Organizational Habits for a better DevOps culture
Applying the lessons from Charles Duhigg’s Power of Habit to DevOps
DevOps has been hailed as a panacea for large tech organizations that not only need to innovate, but innovate at a rapid pace as they try to compete with nimble startups. With DevOps, organizations hope to reduce cycle time and get products in front of customers faster. Yet many organizations struggle to achieve these goals. One reason is that organizations fail to address the cultural aspect, which is at the heart of DevOps. Changing an organization’s culture is hard, especially for one that is set in its ways.
In The Power of Habit, Charles Duhigg talks about how individuals and organizations are driven by habits. Habits are hard to change, because once formed, they are automatic and are followed without much active thought. An organization’s culture is primarily driven by its habits — either instituted by design or adopted over time. Changing existing bad habits or creating new good habits are the key to change. In the book, Duhigg explains the science behind habits and provides a framework for changing habits or creating new ones. The book is filled with great stories about the habits — good and bad — of successful organizations and individuals.
A culture of postmortems
Never let a serious crisis go to waste — Rahm Emanuel
One of the stories from the book is of Alcoa and its then newly hired CEO, Paul O’ Neill who helped turn the company around by focusing on one keystone habit: Worker Safety.

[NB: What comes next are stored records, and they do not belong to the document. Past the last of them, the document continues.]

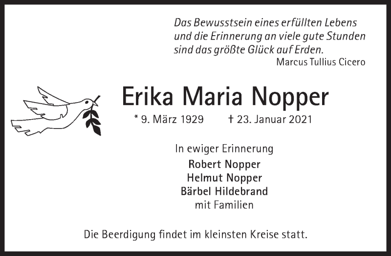 Hier finden Sie alle Traueranzeigen aus der Zeitung, die bisher für Erika Maria Nopper erschienen sind. Weitere Traueranzeigen, die in der Zeitung erscheinen, werden hier ebenfalls aufgelistet
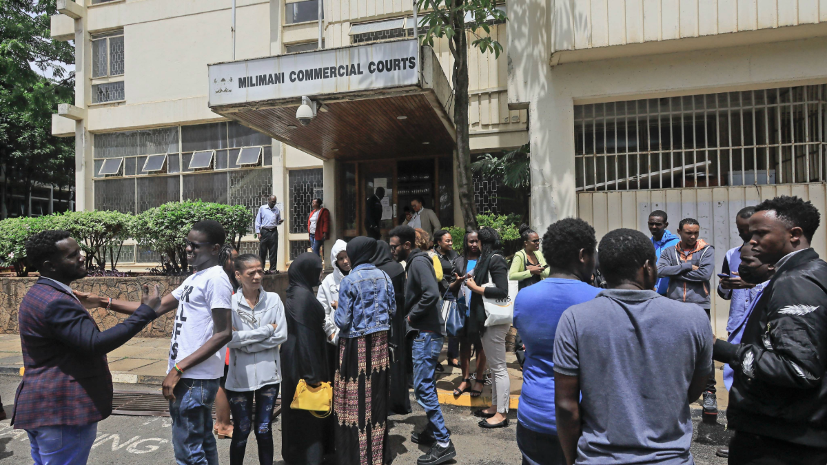 Nairobi—Some content moderators for Facebook gather to consult with their lawyer, Mercy Mutemi (unseen), outside the labor court in Milimani, where they filed a complaint in Kenya against Meta, on April 12, 2023. (Photo by TONY KARUMBA/AFP via Getty Images)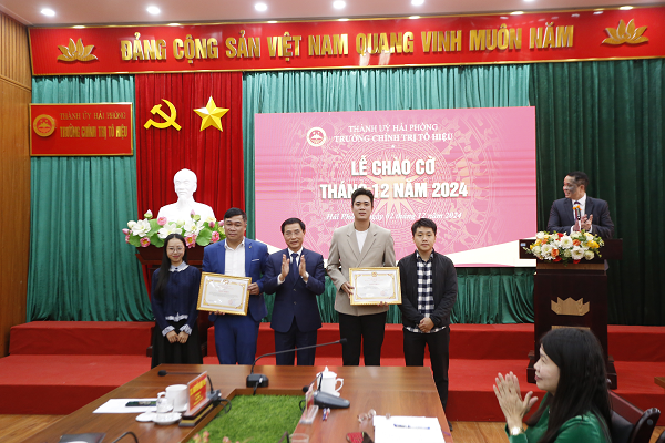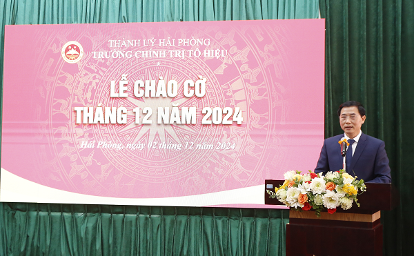 Sau nghi lễ chào cờ, thay mặt Đảng ủy, Lãnh đạo Trường, đồng chí Nguyễn Thị Hải Hà đánh giá khái quát các công việc Trường đã thực hiện trong tháng 11 và triển khai nhiệm vụ công tác tháng12. Theo đó, trong tháng 11, Trường triển khai các hoạt động như: tổ chức khai giảng lớp bồi dưỡng lãnh đạo, quản lý cấp phòng và tương đương quận Lê Chân, lớp bồi dưỡng cập nhật kiến thức dành cho cán bộ quy hoạch Ủy viên Ban Chấp hành Đảng bộ huyện Thủy Nguyên nhiệm kỳ 2025 - 2030; tổ chức nghiệm thu 5 đề tài nghiên cứu khoa học cấp trường; đánh giá tiết giảng của các đồng chí giảng viên được cử tham dự Hội thi giảng viên dạy giỏi toàn quốc năm 2025; gặp mặt kỷ niệm 42 năm Ngày Nhà giáo Việt Nam và đón nhận Cờ thi đua của Chính phủ; tổng kết hoạt động của Cụm thi đua các trường chính trị khu vực Đồng bằng Sông Hồng cùng nhiều hoạt động khác trong tháng.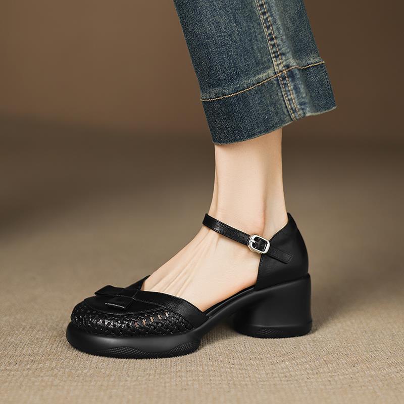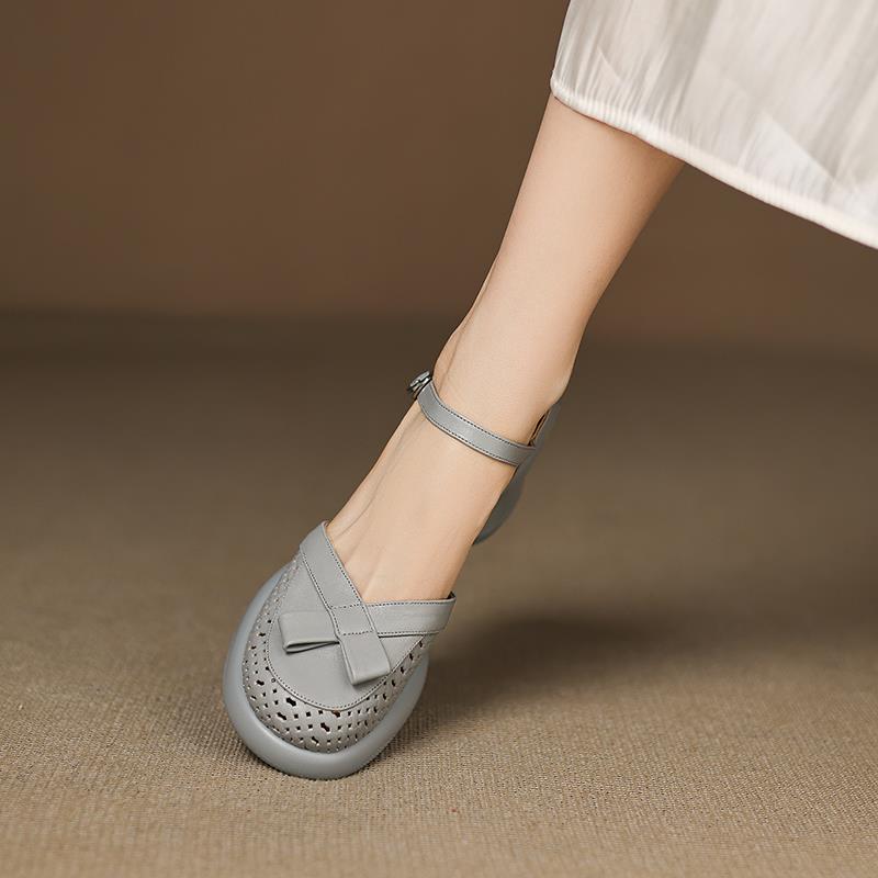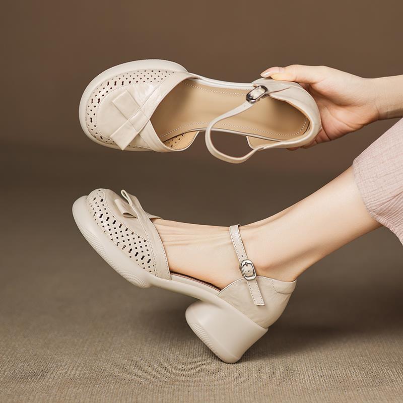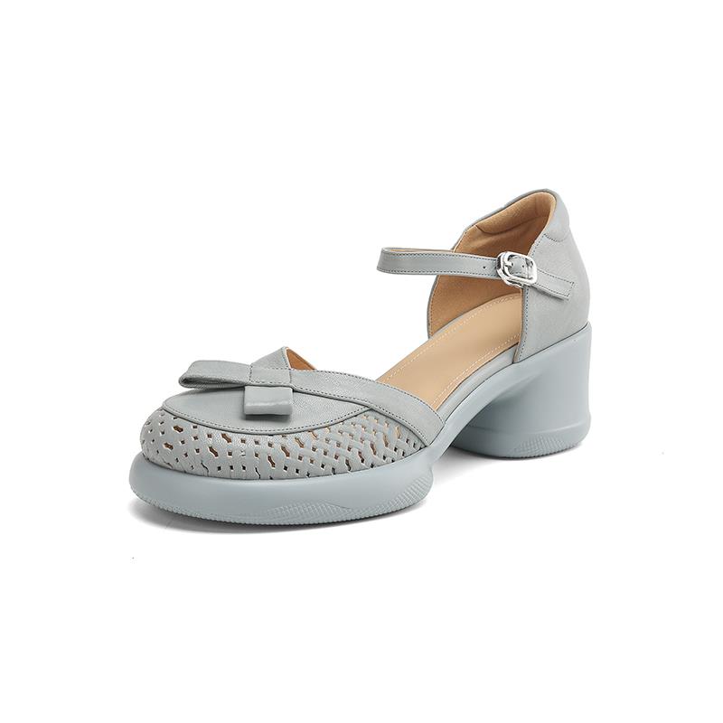 包头凉鞋女夏蝴蝶结厚底镂空圆头高跟鞋粗跟真皮软底蓝色40米白色

[O’Neill] identified a simple cue: an employee injury. He instituted an automatic routine: Any time someone was injured, the unit president had to report it to O’Neill within twenty-four hours and present a plan for making sure the injury never happened again. And there was a reward: The only people who got promoted were those who embraced the system.
Software engineering organizations have the perfect parallel in the postmortems that are conducted after an incident or an outage. Postmortems when done right reveal the underlying root causes and not just the issues on the surface. It is just as important to share the learnings and next steps with the rest of the organization. Further, postmortems occasionally reveal other bad organizational habits that need to be addressed. Nobody likes an outage, but when they do happen, they have a tendency to motivate people to work hard to prevent a similar incident. Postmortems provide a great opportunity to use that momentum to drive real change within an organization.
The Habit Loop
So, you’ve identified bad habits in your organization and good habits that you want to start, what next? How do you go about changing organizational behavior in a lasting manner? The Power of Habit introduces the Habit Loop:
Every habit is unique and it can take a lot of analysis to isolate the cues and rewards that form your habit loops. Changing existing habits works best when you keep the cue and the reward the same and work on modifying the routine. To create new habits, you can find existing habit loops and tack on the new routines or you have to create new cues and rewards.
On a project that I worked on recently, our Continuous Integration was working well enough that we were delivering stories to production at a rapid pace. The only problem was that we were moving so fast that our documentation was severely lagging behind development. We were using Kanban at the time with daily stand ups. We started by adding a column to our kanban board that made “Documentation Complete” as a gate before a story could proceed to “Done”. The stand-ups were where we made sure that stories didn’t “accidentally” skip the “Documentation Complete” column. In essence, we took existing cues around our stand-ups and Kanban and tacked on a new routine of making sure Documentation was updated, with the reward being the story going out to production at the end. It’s a simple example, but over time, we used the same trick to make sure monitoring, stress testing were thought about for each story rather than as an after thought.